*** Provided entries Section Begins ***

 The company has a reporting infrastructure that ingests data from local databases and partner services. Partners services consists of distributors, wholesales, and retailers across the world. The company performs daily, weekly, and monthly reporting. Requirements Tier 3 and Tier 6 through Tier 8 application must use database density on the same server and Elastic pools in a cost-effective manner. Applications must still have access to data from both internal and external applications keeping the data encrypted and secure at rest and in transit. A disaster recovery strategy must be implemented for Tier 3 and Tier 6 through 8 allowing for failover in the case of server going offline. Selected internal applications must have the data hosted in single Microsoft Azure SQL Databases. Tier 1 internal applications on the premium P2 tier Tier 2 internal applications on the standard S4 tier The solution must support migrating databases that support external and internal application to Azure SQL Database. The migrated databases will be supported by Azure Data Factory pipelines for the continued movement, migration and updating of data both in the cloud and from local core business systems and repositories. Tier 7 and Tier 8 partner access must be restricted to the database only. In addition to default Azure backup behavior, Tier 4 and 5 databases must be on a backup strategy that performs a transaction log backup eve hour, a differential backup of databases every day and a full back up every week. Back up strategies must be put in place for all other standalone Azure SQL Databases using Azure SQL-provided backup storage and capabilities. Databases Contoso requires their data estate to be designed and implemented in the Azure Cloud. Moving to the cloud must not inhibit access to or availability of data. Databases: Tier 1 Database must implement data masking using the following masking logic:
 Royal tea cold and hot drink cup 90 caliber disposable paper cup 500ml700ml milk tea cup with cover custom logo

*** Provided entries Section Ends ***
*** Provided entries Section Begins ***

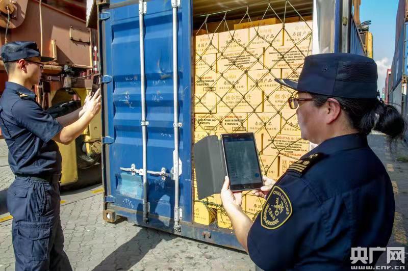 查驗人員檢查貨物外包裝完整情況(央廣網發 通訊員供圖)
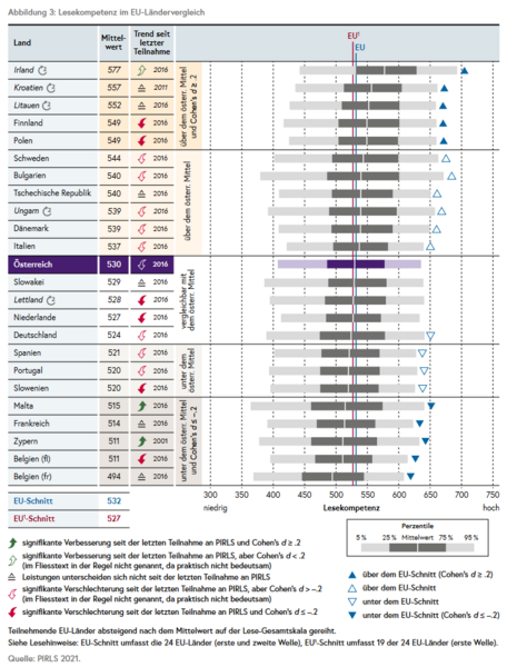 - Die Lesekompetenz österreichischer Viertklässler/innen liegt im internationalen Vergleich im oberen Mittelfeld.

*** Provided entries Section Ends ***
*** Provided entries Section Begins ***

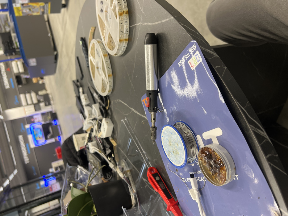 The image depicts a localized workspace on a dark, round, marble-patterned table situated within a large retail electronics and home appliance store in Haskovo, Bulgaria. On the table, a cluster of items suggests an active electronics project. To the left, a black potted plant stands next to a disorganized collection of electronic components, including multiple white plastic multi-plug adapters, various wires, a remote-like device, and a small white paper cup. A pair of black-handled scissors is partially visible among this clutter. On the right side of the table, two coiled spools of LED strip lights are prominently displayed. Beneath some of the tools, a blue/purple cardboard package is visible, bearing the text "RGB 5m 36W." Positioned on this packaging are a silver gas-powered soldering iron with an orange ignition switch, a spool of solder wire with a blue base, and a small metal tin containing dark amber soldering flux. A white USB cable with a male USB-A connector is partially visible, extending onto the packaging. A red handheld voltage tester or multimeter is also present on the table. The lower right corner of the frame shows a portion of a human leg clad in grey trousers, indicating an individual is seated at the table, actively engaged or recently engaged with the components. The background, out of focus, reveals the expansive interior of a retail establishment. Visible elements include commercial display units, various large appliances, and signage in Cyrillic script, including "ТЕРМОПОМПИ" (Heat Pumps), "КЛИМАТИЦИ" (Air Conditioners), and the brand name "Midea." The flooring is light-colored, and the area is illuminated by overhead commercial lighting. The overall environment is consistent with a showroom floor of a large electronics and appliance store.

*** Provided entries Section Ends ***

Copy exactly, without pictures, the lines above from the one with "查驗人員檢查貨物外包裝完整情況(央廣網發 通訊員供圖)" down to the one with "- Die Lesekompetenz", inclusive.

** Task output **
 查驗人員檢查貨物外包裝完整情況(央廣網發 通訊員供圖)
 - Die Lesekompetenz österreichischer Viertklässler/innen liegt im internationalen Vergleich im oberen Mittelfeld.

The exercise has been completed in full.